PROVIDED DATA section start

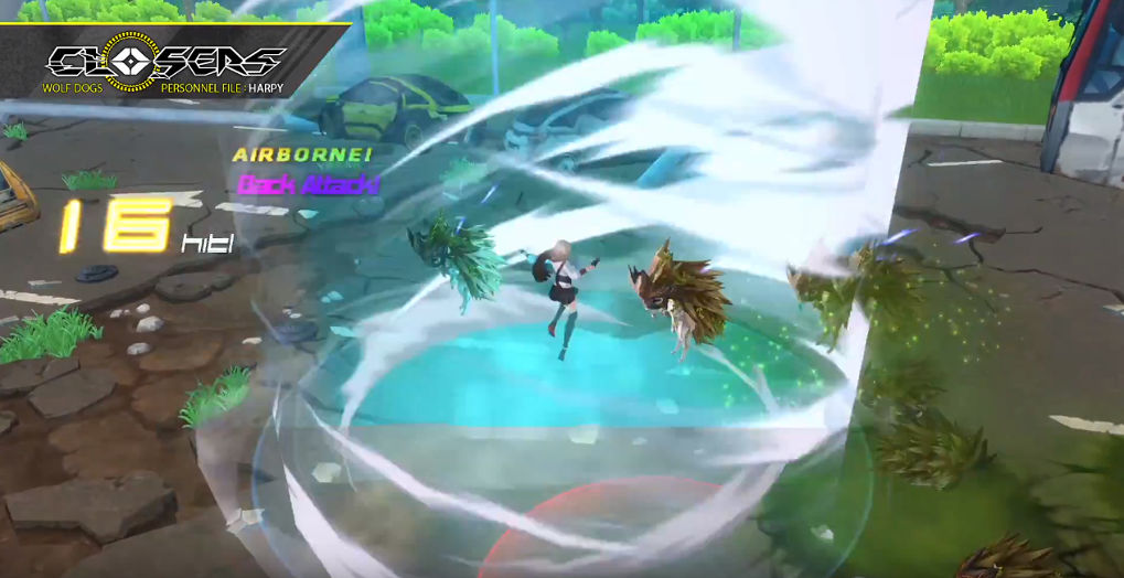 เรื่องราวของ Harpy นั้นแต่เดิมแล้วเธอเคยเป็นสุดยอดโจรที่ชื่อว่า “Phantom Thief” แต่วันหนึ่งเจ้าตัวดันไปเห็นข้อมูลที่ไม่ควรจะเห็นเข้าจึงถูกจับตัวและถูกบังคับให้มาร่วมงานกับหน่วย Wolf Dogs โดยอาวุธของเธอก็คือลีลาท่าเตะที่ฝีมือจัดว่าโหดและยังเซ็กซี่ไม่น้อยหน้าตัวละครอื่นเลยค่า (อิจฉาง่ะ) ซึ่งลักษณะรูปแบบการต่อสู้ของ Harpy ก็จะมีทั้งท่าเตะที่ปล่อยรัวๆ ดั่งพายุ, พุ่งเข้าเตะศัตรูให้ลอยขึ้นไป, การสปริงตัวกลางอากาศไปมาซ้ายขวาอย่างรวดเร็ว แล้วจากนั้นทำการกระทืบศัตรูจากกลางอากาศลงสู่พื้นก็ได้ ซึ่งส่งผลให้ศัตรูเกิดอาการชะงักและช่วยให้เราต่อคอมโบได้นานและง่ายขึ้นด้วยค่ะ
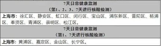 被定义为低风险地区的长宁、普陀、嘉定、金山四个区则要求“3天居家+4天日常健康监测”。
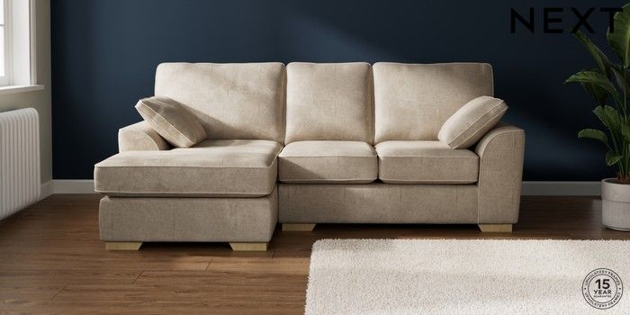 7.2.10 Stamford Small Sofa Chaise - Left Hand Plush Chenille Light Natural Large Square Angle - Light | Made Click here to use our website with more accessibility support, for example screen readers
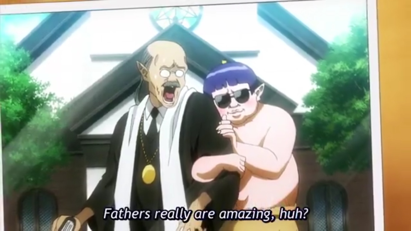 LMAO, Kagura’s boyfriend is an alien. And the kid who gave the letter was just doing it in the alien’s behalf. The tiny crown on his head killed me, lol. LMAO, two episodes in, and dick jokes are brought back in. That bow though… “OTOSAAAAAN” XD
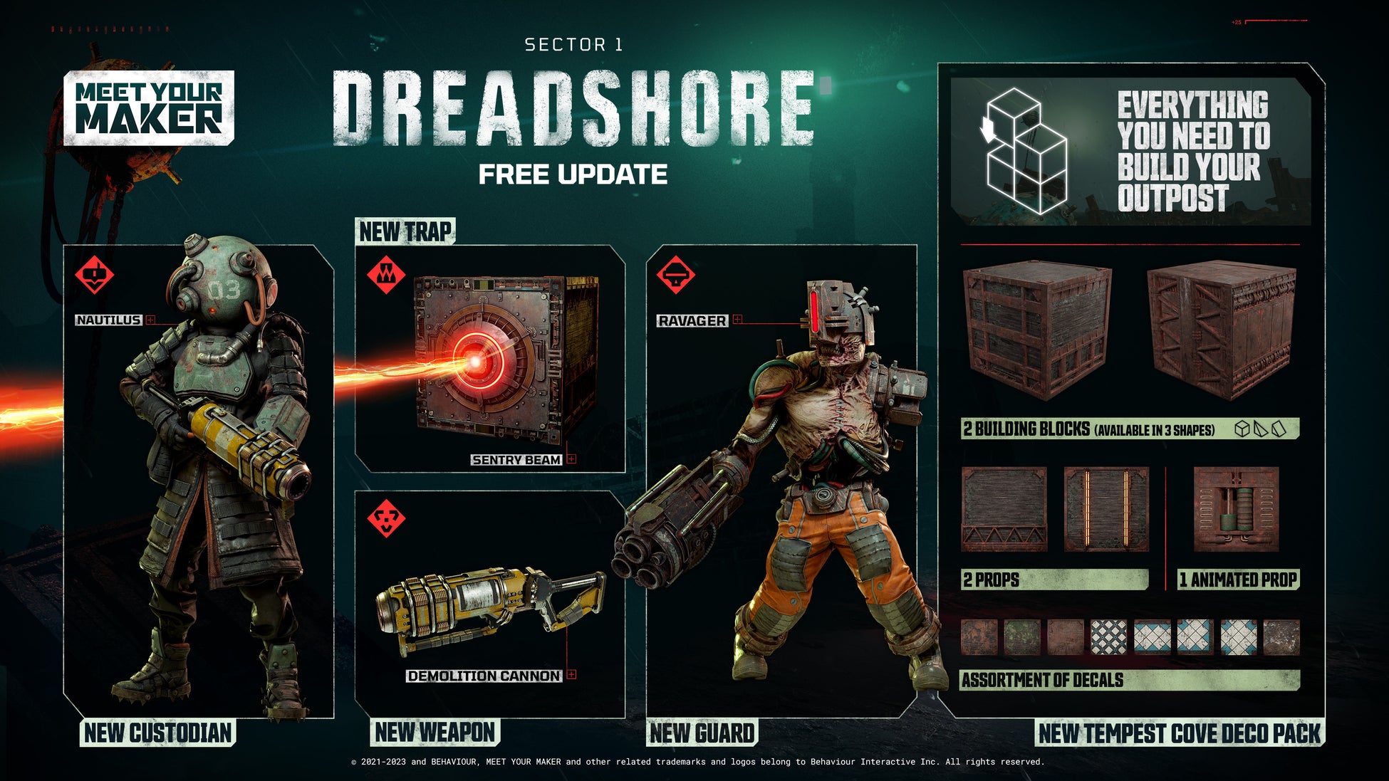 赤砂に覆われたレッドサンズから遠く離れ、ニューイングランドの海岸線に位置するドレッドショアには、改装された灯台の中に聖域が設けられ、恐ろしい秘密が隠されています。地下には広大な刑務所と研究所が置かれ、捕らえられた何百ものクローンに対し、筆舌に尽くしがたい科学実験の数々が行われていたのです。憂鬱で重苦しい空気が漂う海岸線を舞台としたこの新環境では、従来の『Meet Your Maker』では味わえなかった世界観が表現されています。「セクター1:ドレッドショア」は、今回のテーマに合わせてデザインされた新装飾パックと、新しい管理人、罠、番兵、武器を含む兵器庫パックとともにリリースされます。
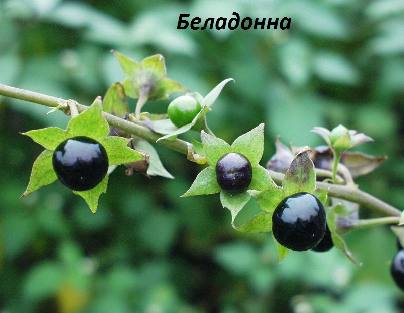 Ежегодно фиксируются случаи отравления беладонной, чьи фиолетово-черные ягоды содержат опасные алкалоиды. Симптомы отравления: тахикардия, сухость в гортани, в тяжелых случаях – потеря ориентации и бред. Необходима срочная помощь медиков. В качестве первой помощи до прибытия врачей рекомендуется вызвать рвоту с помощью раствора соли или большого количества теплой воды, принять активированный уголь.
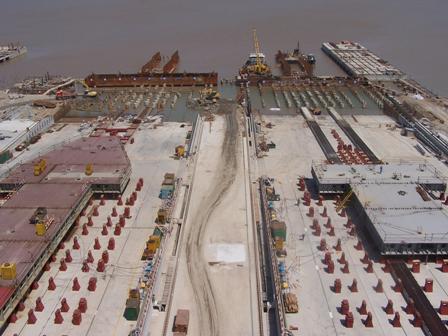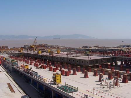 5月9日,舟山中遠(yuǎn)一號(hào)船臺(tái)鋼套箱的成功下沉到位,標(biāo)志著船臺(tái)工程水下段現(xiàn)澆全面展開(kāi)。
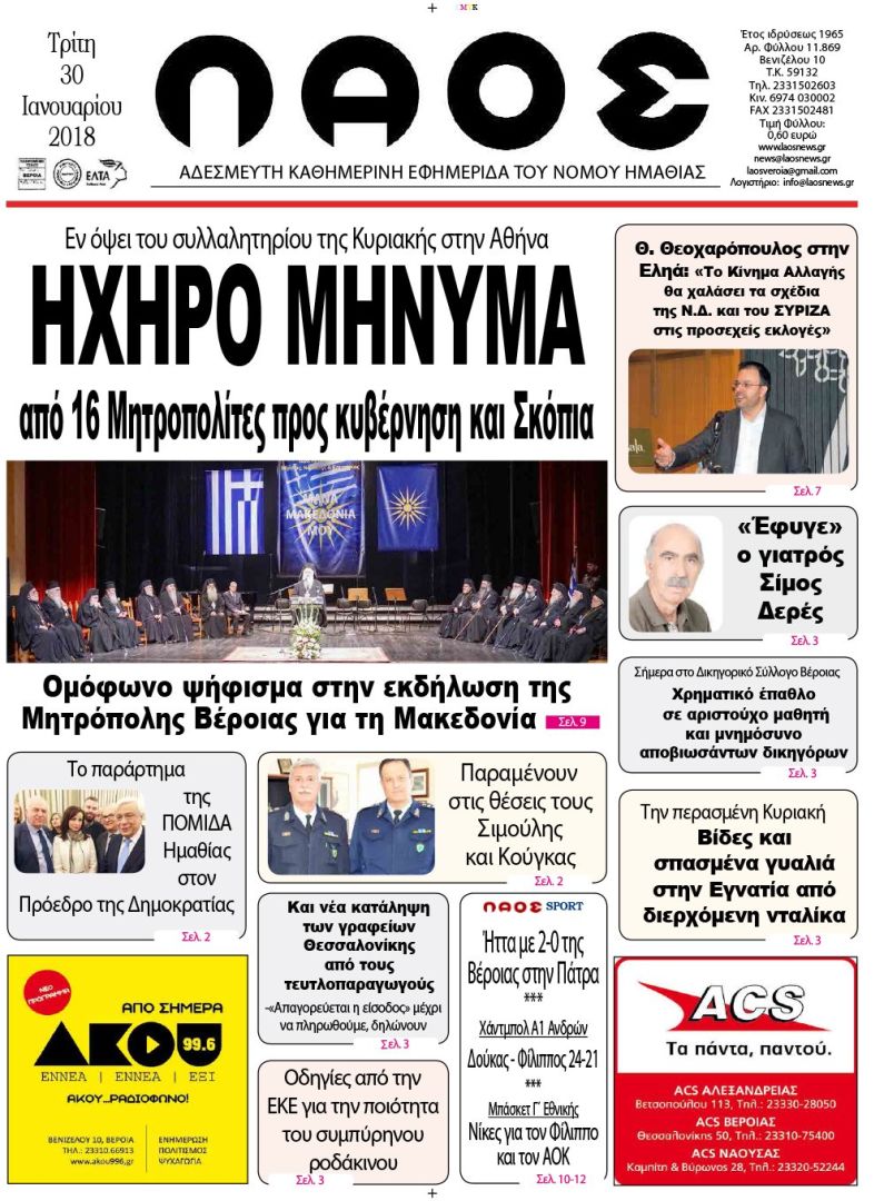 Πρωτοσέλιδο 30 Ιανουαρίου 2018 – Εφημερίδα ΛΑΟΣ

PROVIDED DATA section end

- PROBLEM DETAILS -
Repeat, exactly and only, the lines from the one containing "Ежегодно фиксируются случаи" through the final line of the data, both ends included, leaving out any picture.

- YOUR SOLUTION -
 Ежегодно фиксируются случаи отравления беладонной, чьи фиолетово-черные ягоды содержат опасные алкалоиды. Симптомы отравления: тахикардия, сухость в гортани, в тяжелых случаях – потеря ориентации и бред. Необходима срочная помощь медиков. В качестве первой помощи до прибытия врачей рекомендуется вызвать рвоту с помощью раствора соли или большого количества теплой воды, принять активированный уголь.
 5月9日,舟山中遠(yuǎn)一號(hào)船臺(tái)鋼套箱的成功下沉到位,標(biāo)志著船臺(tái)工程水下段現(xiàn)澆全面展開(kāi)。
 Πρωτοσέλιδο 30 Ιανουαρίου 2018 – Εφημερίδα ΛΑΟΣ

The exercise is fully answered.